Records drawn from a dataset
%%
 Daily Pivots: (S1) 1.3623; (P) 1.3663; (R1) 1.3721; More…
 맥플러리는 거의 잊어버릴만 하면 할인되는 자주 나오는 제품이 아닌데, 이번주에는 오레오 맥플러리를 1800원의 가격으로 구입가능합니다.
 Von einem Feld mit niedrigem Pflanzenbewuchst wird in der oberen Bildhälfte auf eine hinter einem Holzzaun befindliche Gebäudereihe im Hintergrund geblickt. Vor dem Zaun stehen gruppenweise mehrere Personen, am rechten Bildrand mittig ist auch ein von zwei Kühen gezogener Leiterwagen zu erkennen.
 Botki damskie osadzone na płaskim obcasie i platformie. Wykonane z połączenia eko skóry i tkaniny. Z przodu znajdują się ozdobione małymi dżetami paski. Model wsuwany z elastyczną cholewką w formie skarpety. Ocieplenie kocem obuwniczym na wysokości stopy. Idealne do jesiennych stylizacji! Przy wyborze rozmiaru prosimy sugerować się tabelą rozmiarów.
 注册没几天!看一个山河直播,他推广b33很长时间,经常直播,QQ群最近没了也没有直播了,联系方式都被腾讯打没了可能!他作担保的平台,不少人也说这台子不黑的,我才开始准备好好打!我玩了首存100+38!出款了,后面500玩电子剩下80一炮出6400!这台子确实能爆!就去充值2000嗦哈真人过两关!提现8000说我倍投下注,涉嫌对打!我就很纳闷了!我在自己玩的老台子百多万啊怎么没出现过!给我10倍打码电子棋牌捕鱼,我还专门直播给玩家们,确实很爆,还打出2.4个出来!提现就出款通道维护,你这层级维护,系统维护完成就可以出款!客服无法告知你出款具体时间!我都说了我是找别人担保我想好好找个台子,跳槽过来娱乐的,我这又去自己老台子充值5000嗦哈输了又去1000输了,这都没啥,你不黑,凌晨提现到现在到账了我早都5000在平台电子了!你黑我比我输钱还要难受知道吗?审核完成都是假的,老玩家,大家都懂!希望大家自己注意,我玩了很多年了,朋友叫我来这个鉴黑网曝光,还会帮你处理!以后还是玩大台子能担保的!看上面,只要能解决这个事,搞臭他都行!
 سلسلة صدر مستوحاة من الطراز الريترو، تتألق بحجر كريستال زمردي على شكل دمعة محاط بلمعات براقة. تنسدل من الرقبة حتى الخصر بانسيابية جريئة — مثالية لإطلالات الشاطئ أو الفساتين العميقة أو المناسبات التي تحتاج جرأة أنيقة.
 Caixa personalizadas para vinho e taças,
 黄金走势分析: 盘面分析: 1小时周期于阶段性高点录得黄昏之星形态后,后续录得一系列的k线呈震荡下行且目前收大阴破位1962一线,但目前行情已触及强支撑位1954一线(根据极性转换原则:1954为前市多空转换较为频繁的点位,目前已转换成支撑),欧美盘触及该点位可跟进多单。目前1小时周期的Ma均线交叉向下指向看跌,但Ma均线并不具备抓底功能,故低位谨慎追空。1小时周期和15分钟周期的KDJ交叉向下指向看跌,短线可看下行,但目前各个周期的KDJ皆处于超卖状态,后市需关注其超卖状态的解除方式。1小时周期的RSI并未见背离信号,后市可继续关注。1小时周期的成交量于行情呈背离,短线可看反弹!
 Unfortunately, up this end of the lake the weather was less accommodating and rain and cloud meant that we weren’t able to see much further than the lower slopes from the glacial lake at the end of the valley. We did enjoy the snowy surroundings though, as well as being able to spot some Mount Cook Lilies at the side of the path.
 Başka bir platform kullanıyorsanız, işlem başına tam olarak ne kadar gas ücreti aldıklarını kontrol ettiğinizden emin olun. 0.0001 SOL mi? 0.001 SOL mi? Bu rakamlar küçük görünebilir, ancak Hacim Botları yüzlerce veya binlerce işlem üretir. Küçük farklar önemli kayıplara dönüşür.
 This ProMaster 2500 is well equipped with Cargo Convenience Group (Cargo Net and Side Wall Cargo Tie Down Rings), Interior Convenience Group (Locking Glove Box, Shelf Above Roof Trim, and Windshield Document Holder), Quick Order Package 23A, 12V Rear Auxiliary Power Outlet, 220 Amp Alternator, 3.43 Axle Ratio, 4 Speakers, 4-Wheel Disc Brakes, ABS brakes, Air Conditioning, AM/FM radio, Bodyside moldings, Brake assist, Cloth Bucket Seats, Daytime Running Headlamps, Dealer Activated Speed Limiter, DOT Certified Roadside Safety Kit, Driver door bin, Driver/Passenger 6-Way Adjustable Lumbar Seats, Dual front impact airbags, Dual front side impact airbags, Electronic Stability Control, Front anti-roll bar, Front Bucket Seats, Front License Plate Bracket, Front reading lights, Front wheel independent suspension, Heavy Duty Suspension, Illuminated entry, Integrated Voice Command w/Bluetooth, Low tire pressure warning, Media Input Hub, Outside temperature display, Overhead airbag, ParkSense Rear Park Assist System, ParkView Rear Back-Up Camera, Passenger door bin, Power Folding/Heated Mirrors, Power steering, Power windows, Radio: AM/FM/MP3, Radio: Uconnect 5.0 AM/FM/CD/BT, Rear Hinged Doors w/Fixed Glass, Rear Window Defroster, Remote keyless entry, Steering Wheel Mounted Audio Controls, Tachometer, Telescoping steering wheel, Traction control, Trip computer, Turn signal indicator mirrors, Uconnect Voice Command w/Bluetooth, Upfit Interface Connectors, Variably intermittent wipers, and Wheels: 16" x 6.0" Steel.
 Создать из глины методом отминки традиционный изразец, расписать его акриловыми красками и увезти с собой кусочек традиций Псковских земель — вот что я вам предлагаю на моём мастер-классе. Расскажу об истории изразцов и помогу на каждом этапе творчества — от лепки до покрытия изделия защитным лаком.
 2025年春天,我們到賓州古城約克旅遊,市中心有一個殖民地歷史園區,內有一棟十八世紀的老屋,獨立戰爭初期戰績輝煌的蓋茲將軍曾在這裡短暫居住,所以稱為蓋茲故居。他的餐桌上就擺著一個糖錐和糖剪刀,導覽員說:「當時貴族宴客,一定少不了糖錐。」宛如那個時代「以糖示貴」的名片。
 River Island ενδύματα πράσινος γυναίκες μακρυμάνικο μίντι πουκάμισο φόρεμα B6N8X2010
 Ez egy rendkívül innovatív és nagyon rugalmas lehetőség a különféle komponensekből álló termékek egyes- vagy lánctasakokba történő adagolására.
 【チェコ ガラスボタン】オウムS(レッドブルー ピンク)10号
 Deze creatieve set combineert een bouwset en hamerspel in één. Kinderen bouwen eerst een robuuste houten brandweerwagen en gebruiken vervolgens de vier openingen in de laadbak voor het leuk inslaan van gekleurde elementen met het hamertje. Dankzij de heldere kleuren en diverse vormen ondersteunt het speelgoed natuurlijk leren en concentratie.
%%
(What the task requires)
Return exactly the lines above from the line that has "Caixa personalizadas para" through the line that has "Başka bir platform", inclusive, and nothing else.

(Problem solution)
 Caixa personalizadas para vinho e taças,
 黄金走势分析: 盘面分析: 1小时周期于阶段性高点录得黄昏之星形态后,后续录得一系列的k线呈震荡下行且目前收大阴破位1962一线,但目前行情已触及强支撑位1954一线(根据极性转换原则:1954为前市多空转换较为频繁的点位,目前已转换成支撑),欧美盘触及该点位可跟进多单。目前1小时周期的Ma均线交叉向下指向看跌,但Ma均线并不具备抓底功能,故低位谨慎追空。1小时周期和15分钟周期的KDJ交叉向下指向看跌,短线可看下行,但目前各个周期的KDJ皆处于超卖状态,后市需关注其超卖状态的解除方式。1小时周期的RSI并未见背离信号,后市可继续关注。1小时周期的成交量于行情呈背离,短线可看反弹!
 Unfortunately, up this end of the lake the weather was less accommodating and rain and cloud meant that we weren’t able to see much further than the lower slopes from the glacial lake at the end of the valley. We did enjoy the snowy surroundings though, as well as being able to spot some Mount Cook Lilies at the side of the path.
 Başka bir platform kullanıyorsanız, işlem başına tam olarak ne kadar gas ücreti aldıklarını kontrol ettiğinizden emin olun. 0.0001 SOL mi? 0.001 SOL mi? Bu rakamlar küçük görünebilir, ancak Hacim Botları yüzlerce veya binlerce işlem üretir. Küçük farklar önemli kayıplara dönüşür.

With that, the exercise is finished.